» Data below
• • • • •

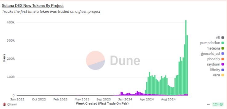 Solana Dex 每周新增的代币品种数量,来源:Dune
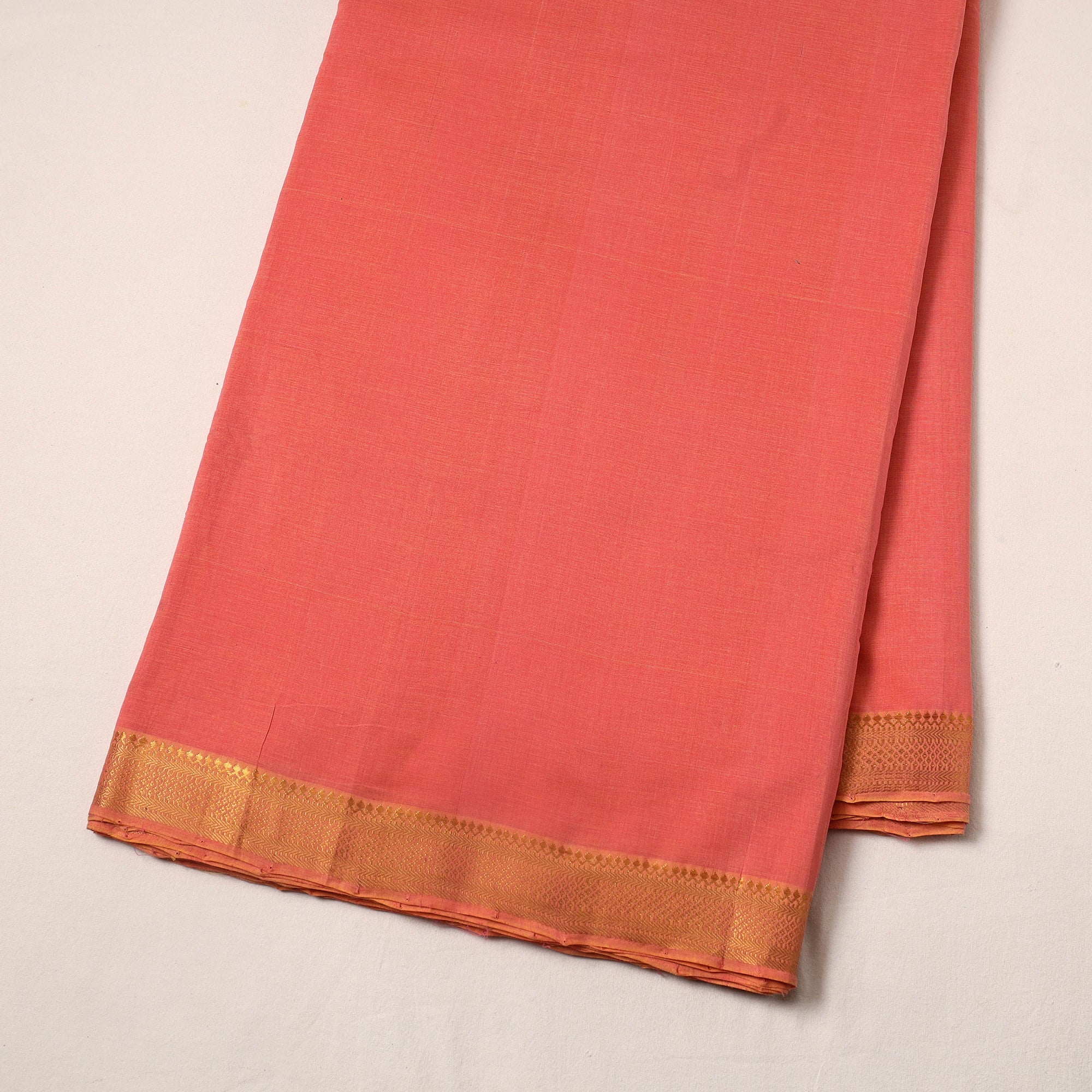 Handloom original peach mangalagiri cotton fabric with zari border, woven with precision by skilled artisans in Andhra Pradesh. This fabric features a two-sided zari border. Known for its durability, breathability, and soft texture, this eco-friendly fabric is perfect for all seasons. It adds grace to every stitch, perfect for kurtas, dupattas, or ethnic wear.
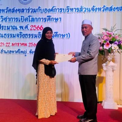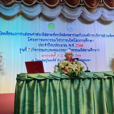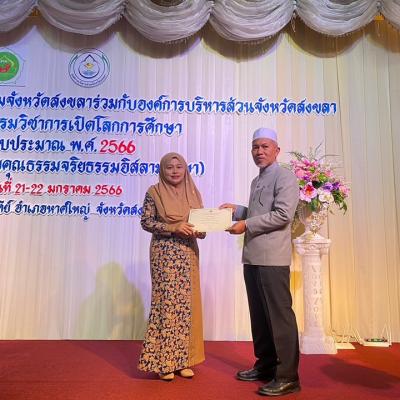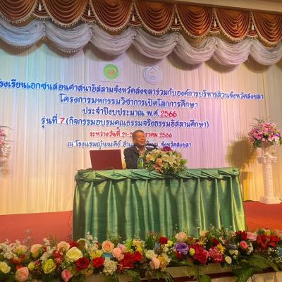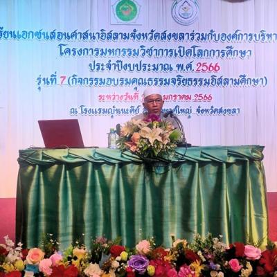 องค์การบริหารส่วนจังหวัดสงขลา ร่วมกับคณะกรรมการสมาคมโรงเรียนเอกชนสอนศาสนาอิสลาม จังหวัดสงขลา จัดโครงการมหกรรมวิชาการเปิดโลกการศึกษา ประจำปีงบประมาณ พ.ศ 2566 รุ่นที่ 7 (กิจกรรมอบรมคุณธรรมจริยธรรมอิสลามศึกษา) ซึ่งจัดขึ้นในระหว่างวันที่ 21-22 มกราคม 2566 ณ โรงแรมญันนะตีย์ อำเภอหาดใหญ่ จังหวัดสงขลา กิจกรรมในครั้งนี้ มีผู้เข้าร่วมอบรมคุณธรรมจริยธรรมอิสลามศึกษา ทั้งสิ้น 390 คน
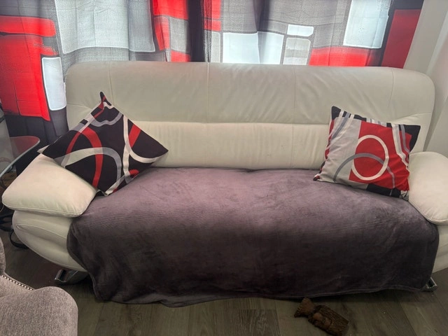 This is a stylish, modern white leather couch, perfect for adding a touch of elegance to any living space. It's a comfortable seating option. Note that this couch is in used condition and has some visible wear and tear, including some cracking, as shown in the pictures. White couches 76 by 34 inches and 56 by 34 inches. Condition: Used - Good. For Sale By: Owner. Cash accepted.

• • • • •

» Work order
With the pictures excluded, restate the material exactly as it stands.

» Finished exercise
 Solana Dex 每周新增的代币品种数量,来源:Dune
 Handloom original peach mangalagiri cotton fabric with zari border, woven with precision by skilled artisans in Andhra Pradesh. This fabric features a two-sided zari border. Known for its durability, breathability, and soft texture, this eco-friendly fabric is perfect for all seasons. It adds grace to every stitch, perfect for kurtas, dupattas, or ethnic wear.
 องค์การบริหารส่วนจังหวัดสงขลา ร่วมกับคณะกรรมการสมาคมโรงเรียนเอกชนสอนศาสนาอิสลาม จังหวัดสงขลา จัดโครงการมหกรรมวิชาการเปิดโลกการศึกษา ประจำปีงบประมาณ พ.ศ 2566 รุ่นที่ 7 (กิจกรรมอบรมคุณธรรมจริยธรรมอิสลามศึกษา) ซึ่งจัดขึ้นในระหว่างวันที่ 21-22 มกราคม 2566 ณ โรงแรมญันนะตีย์ อำเภอหาดใหญ่ จังหวัดสงขลา กิจกรรมในครั้งนี้ มีผู้เข้าร่วมอบรมคุณธรรมจริยธรรมอิสลามศึกษา ทั้งสิ้น 390 คน
 This is a stylish, modern white leather couch, perfect for adding a touch of elegance to any living space. It's a comfortable seating option. Note that this couch is in used condition and has some visible wear and tear, including some cracking, as shown in the pictures. White couches 76 by 34 inches and 56 by 34 inches. Condition: Used - Good. For Sale By: Owner. Cash accepted.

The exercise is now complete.